- **THE RECORDS**:
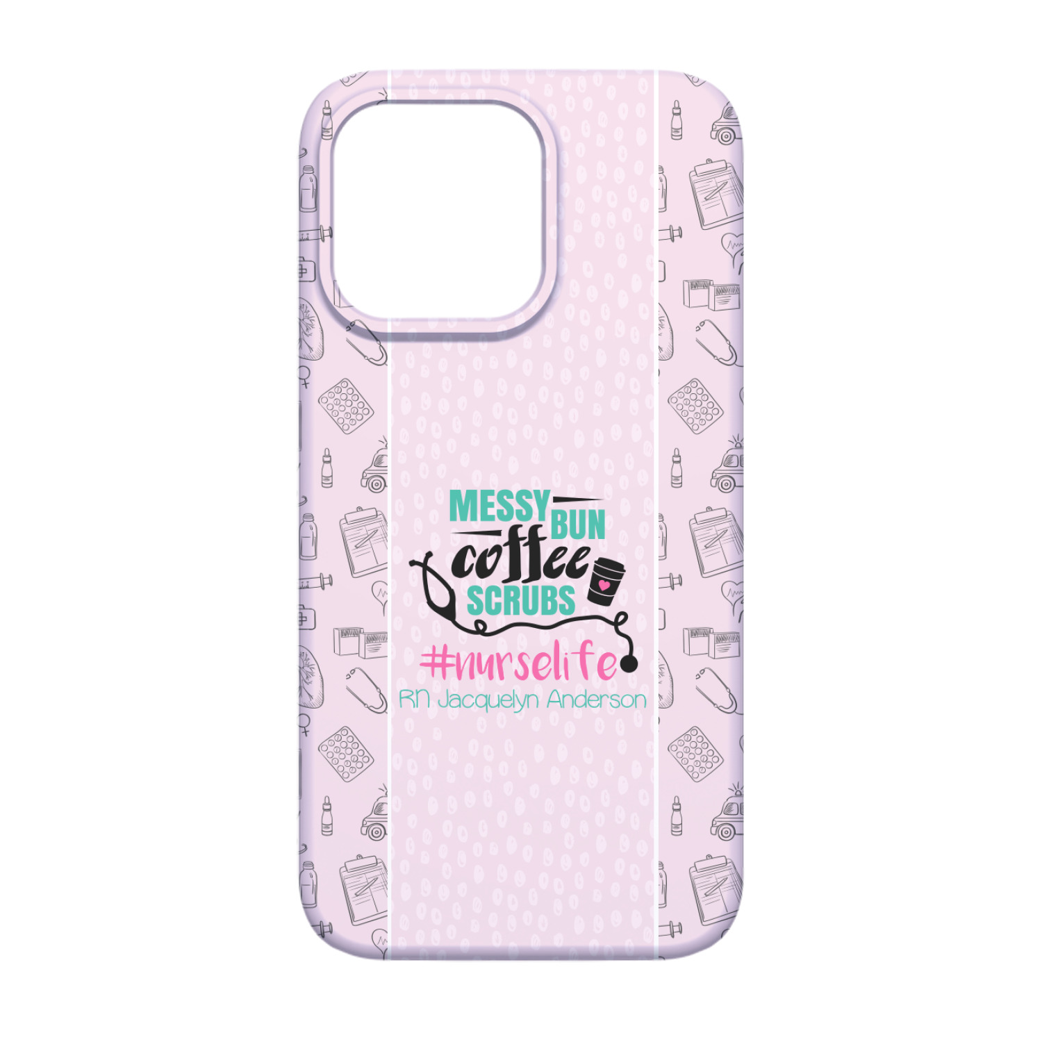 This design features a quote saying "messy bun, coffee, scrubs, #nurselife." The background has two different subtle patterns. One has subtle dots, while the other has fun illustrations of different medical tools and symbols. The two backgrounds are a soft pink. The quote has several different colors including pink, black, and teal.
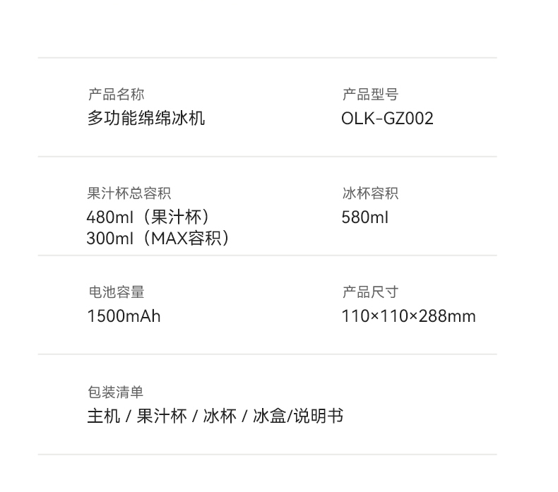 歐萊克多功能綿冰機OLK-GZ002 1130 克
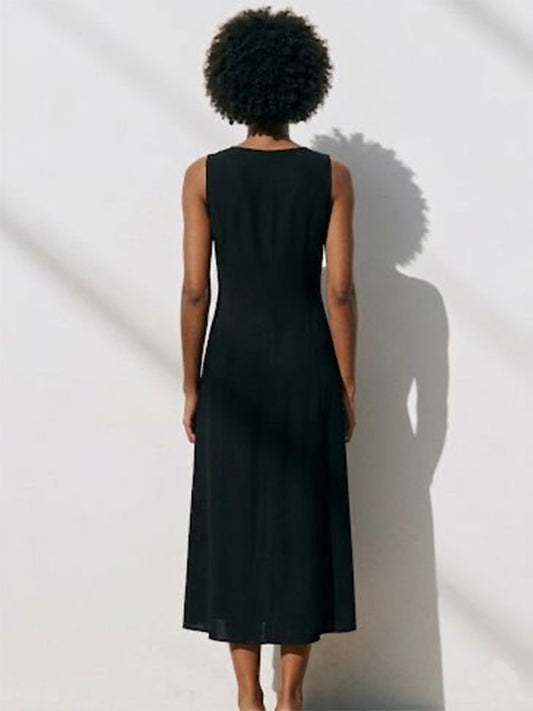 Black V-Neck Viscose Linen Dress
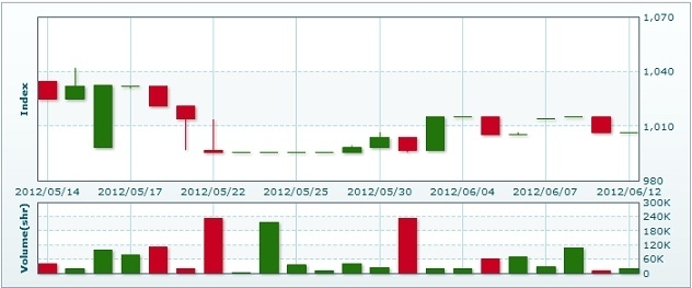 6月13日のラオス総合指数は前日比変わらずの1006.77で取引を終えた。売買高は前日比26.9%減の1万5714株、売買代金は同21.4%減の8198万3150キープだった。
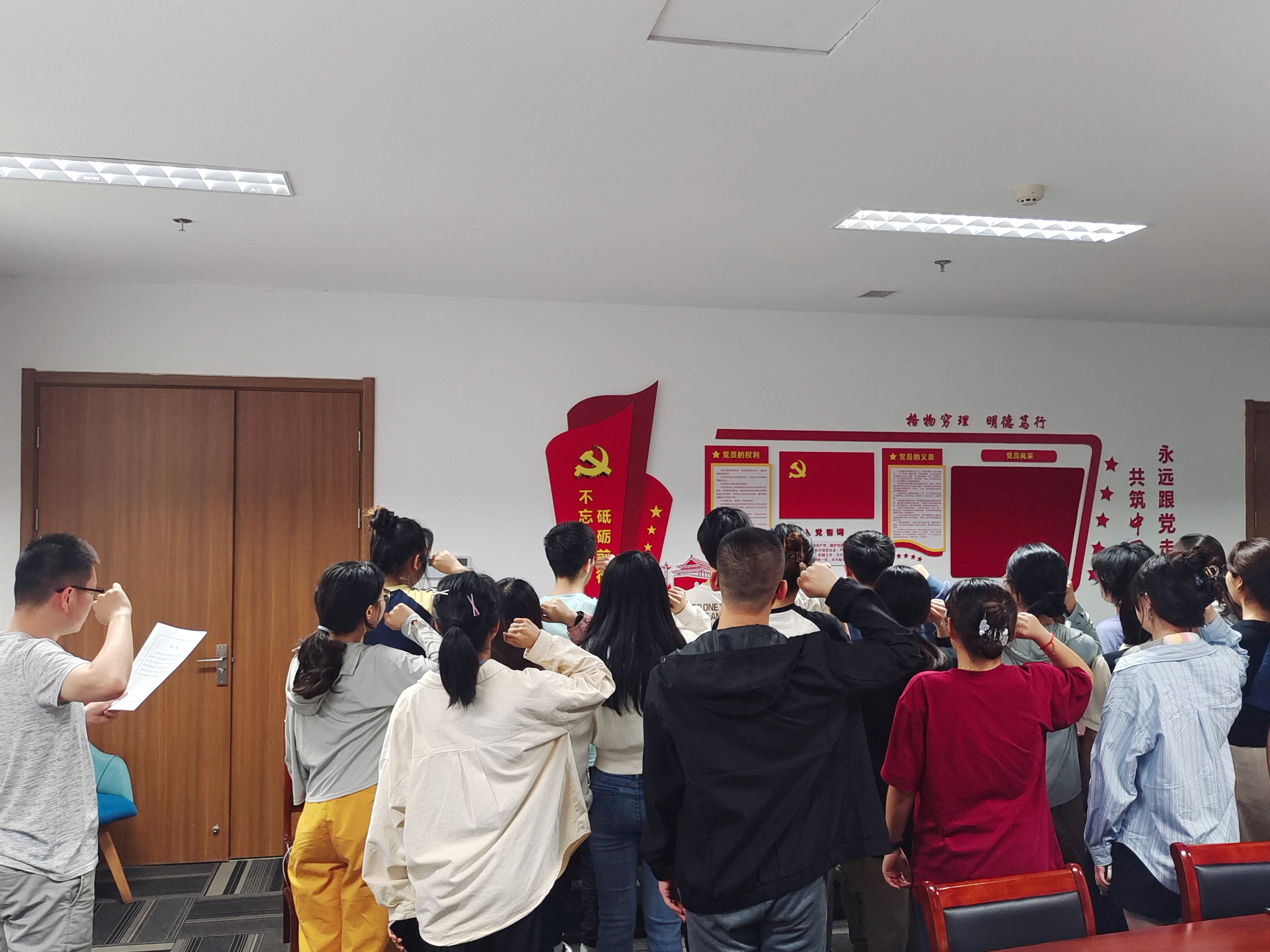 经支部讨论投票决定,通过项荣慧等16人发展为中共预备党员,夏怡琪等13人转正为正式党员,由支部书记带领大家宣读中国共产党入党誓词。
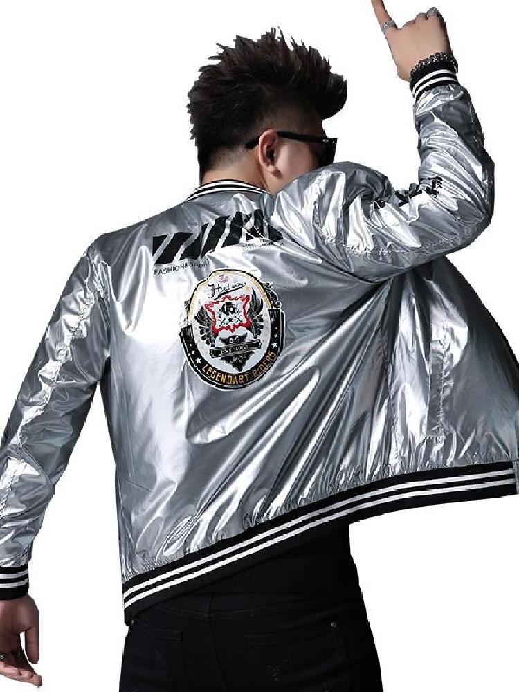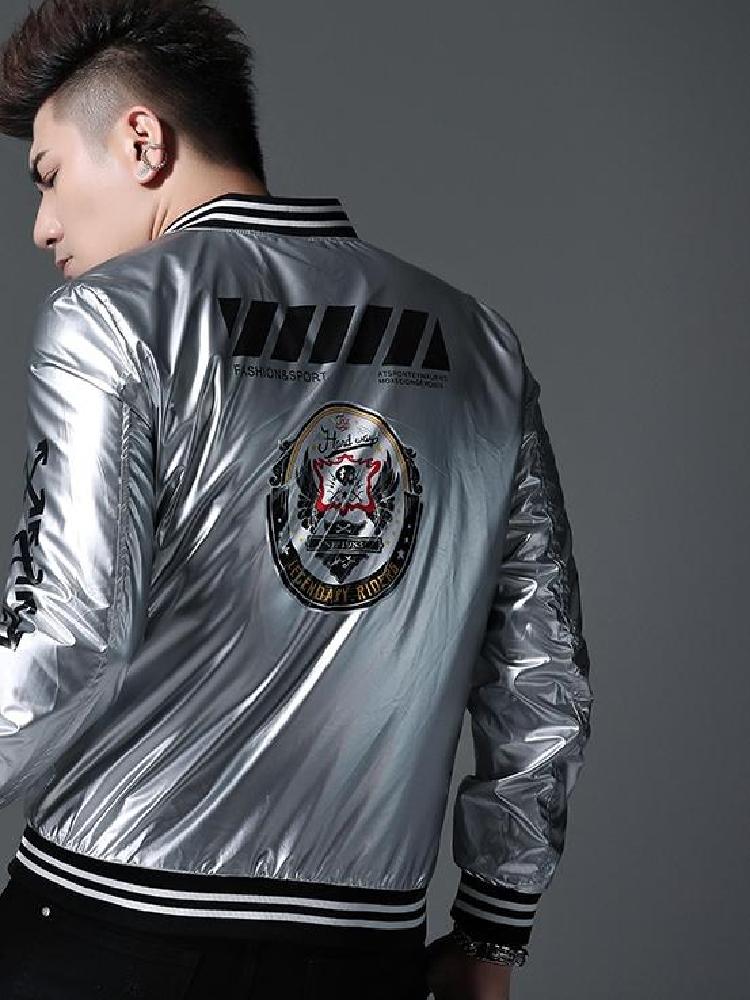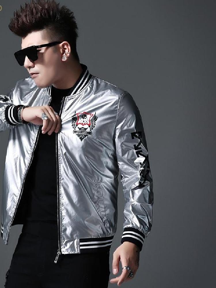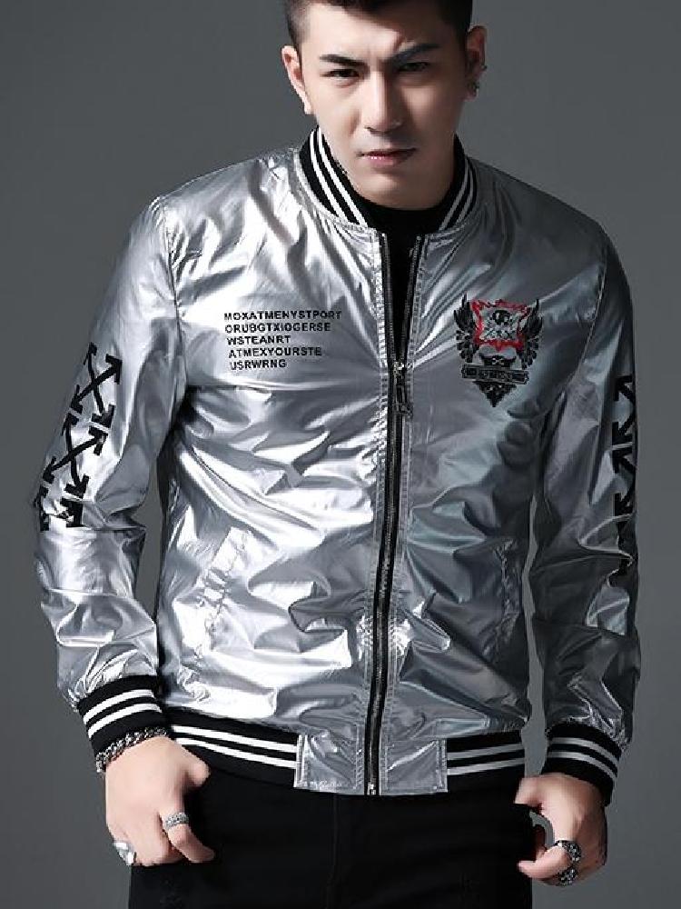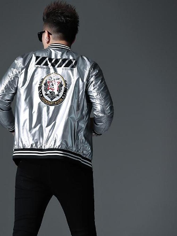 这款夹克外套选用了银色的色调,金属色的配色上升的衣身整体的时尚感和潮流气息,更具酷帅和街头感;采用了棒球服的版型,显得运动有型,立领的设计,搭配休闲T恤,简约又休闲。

- **WHAT TO WORK ON**: All lines from the one holding "Black V-Neck Viscose Linen Dress" through the last line of the material above should be set down exactly, and the pictures should be left out.

- **ANSWER SECTION**:
 Black V-Neck Viscose Linen Dress
 6月13日のラオス総合指数は前日比変わらずの1006.77で取引を終えた。売買高は前日比26.9%減の1万5714株、売買代金は同21.4%減の8198万3150キープだった。
 经支部讨论投票决定,通过项荣慧等16人发展为中共预备党员,夏怡琪等13人转正为正式党员,由支部书记带领大家宣读中国共产党入党誓词。
 这款夹克外套选用了银色的色调,金属色的配色上升的衣身整体的时尚感和潮流气息,更具酷帅和街头感;采用了棒球服的版型,显得运动有型,立领的设计,搭配休闲T恤,简约又休闲。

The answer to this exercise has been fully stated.